Parsimony and Machine Learning in Neuroimaging

Recommended citation: Nino Migineishvili, Peter J. Molfese, John A. Lee, Peter A. Bandettini, Phillip Shaw, Adam G. Thomas, and Dylan M. Nielson; Parsimony and Machine Learning in Neuroimaging https://osf.io/kdt68

Abstract

The disparity between an individual’s brain age and their chronological age can be an indicator for various neurological disorders. A previous brain-age prediction study investigated the ability of multimodal brain imaging data to predict age, relying on anatomical and functional brain data to build a machine learning model with over 10,000 features. In our preregistered study, we used anatomical MRI data from the NIMH/NHLBI Data Sharing Project (NNDSP) dataset to compare accuracy in prediction of age for a complex machine learning model with a large number of features to a simple machine learning model with only four features: white matter fraction, grey matter fraction, CSF fraction and intracranial volume, chosen a priori. With samples from a large lifespan sample (N=441, age 5-77) as our training and test data we found that the predictive ability of the complex model was similar to the predictive ability of the simple model on out of sample data. We also tested the generalizability of each model to novel data from the Human Connectome Project (HCP) databank (N=895, age 22-37) and found that the complex model outperformed the simple model.
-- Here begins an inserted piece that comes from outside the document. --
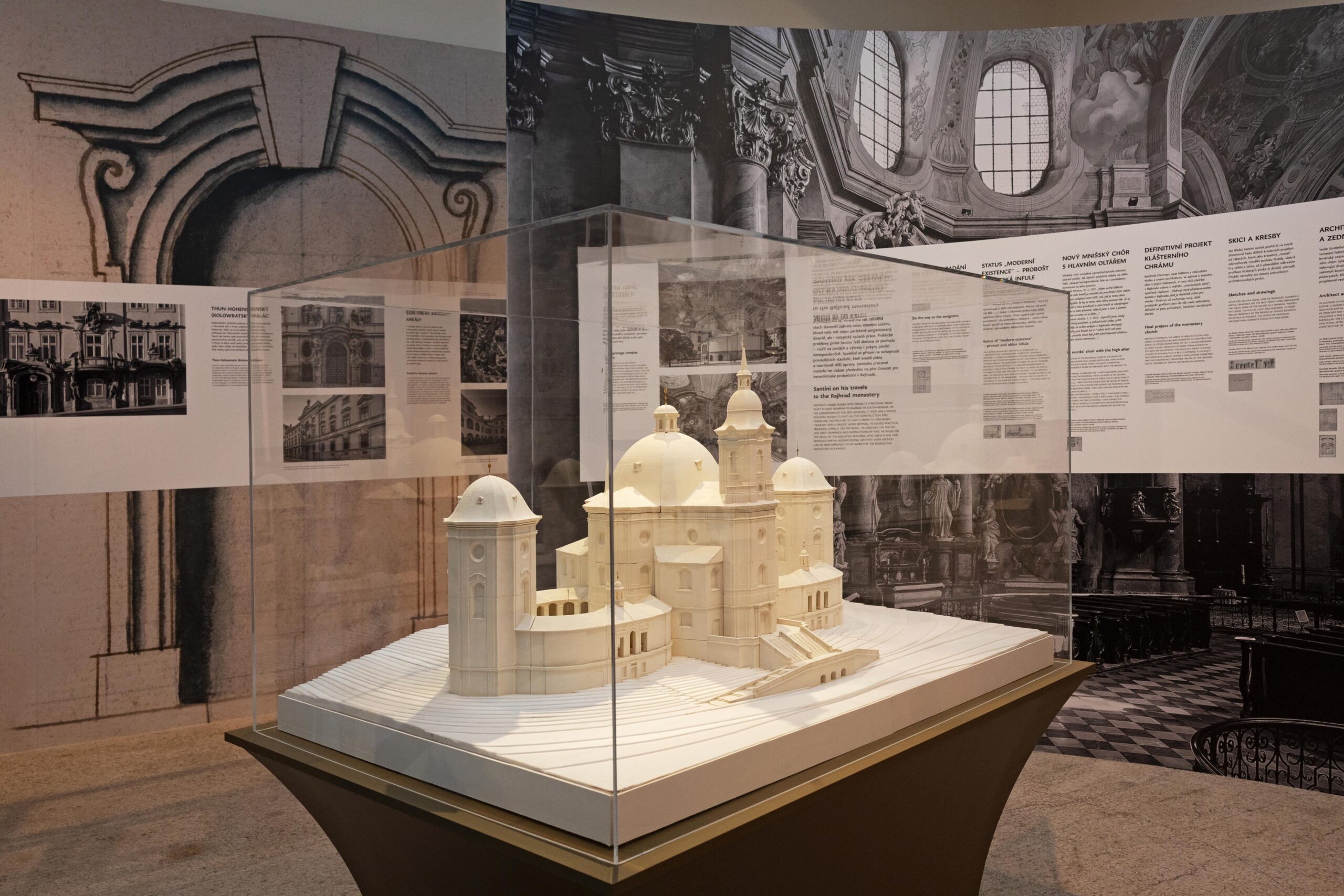 Kromě zápůjček řady exponátů z jiných kulturních institucí je výstava doplněna modely Santiniho staveb, které pro ni byly nově zhotoveny. Z originálních plánů budou v prvním období konání výstavy k vidění např. kresby vstupní fasády kostela sv. Jana Nepomuckého na Zelené hoře u Žďáru nad Sázavou z roku 1719, který zapůjčila Moravská galerie v Brně, a návrh boční fasády klášterního kostela v Kladrubech z období kolem roku 1711, který je uložen v benediktinském klášteře v Melku.

Both the simple and complex model performed worse than chance in predicting age on the HCP data, which is likely attributable to the limited age range of the data and our stringent, preregistered definition of chance performance. In our exploratory analysis, we tested the generalizability of each model on the Nathan Kline Institute (NKI) dataset (N=907, age 6-85) and again found no significant difference between the predictive ability of the simple and complex models. The performance of the simple age prediction model illustrates some of the trade offs between parsimonious vs complex models for predicting brain age. Given the comparable performance of the approaches, the more rapid parsimonious approach using only a few features is generally advantageous.